LIFESAVER (via Robert Schwartz):

On Milton Friedman's Birthday, We Get the Present: Him (BEN STEIN, 12/04/05, NY Times)

Although he was working in the graduate school, Professor Friedman let me be a pupil. If memory serves, the text we used was the book he had written with Dr. Schwartz (one of the truly great unsung heroes of economics and my late mother's best friend at Barnard), "The Monetary History of the United States." This book was the culmination of their analysis of the connection between the quantity of money and business cycles in the United States economy.

Until "The Monetary History," the prevailing view of economists was that the supply of money affected the price level but not the real level of economic activity. By dint of painstaking research and formulas, Professor Friedman and Dr.
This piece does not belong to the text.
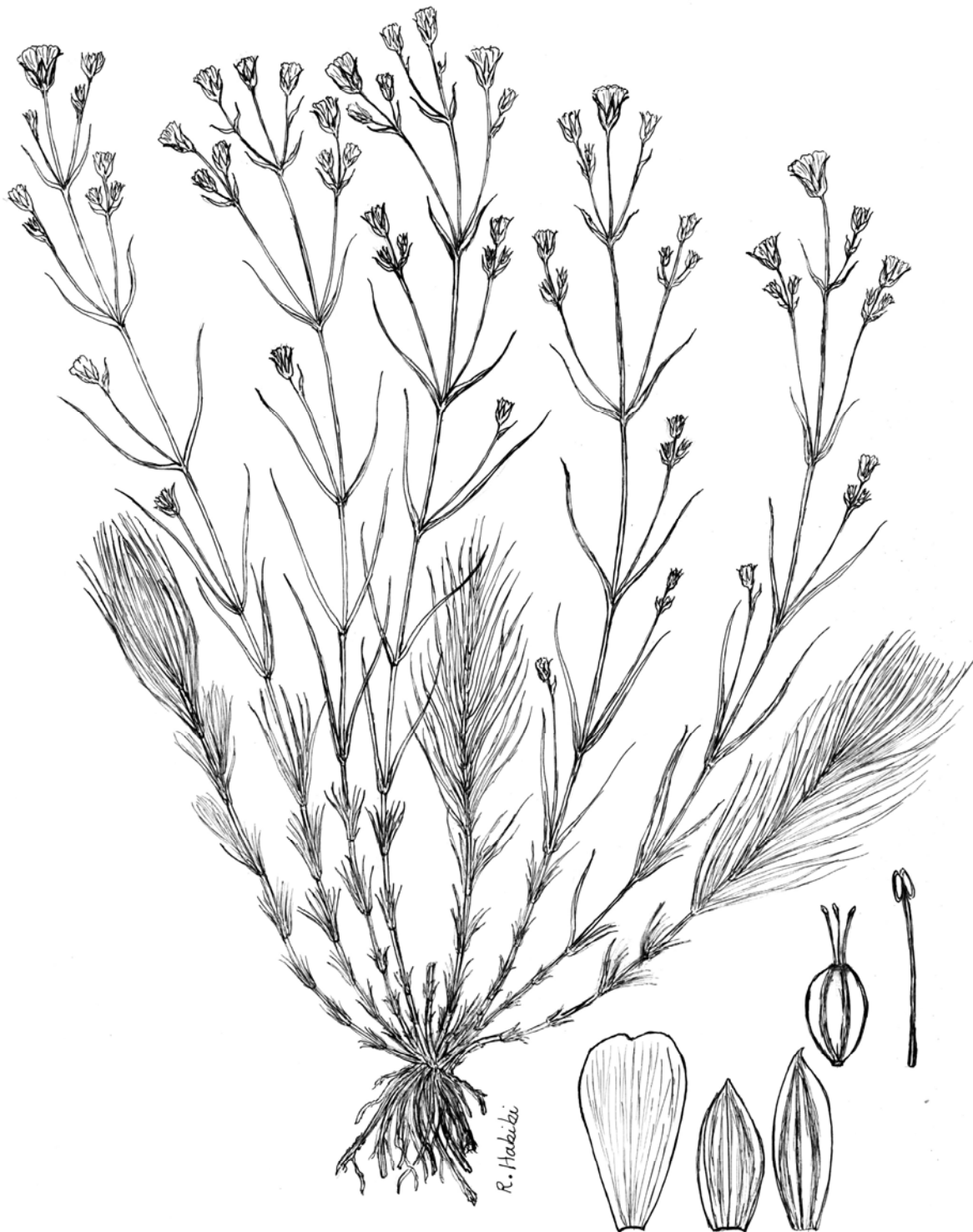
Fig. 3. Arenaria longibracteata ( \times 0.66 ); sepals and petal ( \times 3.3 .); stamen and ovary ( \times 6.6 ).

Schwartz showed that changes in the money supply greatly affected real levels of output and employment.

The main thesis of the book was that the Great Depression had been caused not by changes in tariff laws (always a questionable notion at best), not by the stock market crash (even more questionable), but by catastrophically wrongheaded decisions by the Federal Reserve Board in the period 1929-33 and again in 1936-37. The Fed - obsessed with fears of inflation even as the economy was collapsing - shrank the money supply drastically and basically choked the life out of the economy. (There was also a fascinating ethnic and racial angle to the story, which Professor Friedman later related to me: certain potentates at the Fed were doing this in part as an anti-Semitic reaction to the views of a Jewish Fed official named Eugene I. Meyer, who was also owner of The Washington Post and father of Katharine Meyer Graham.)

In the world of economics, this was a discovery on a par with the theory of relativity in physics or Copernican astronomy. There is simply no way to exaggerate its importance. The use of the money supply to regulate the economy and to prevent future depressions was largely born of the work by Professor Friedman and Dr. Schwartz. It was, in every way, lifesaving.

The most hopeful thing about the new Fed Chairman is that his field of expertise is the Depression, not the '70s.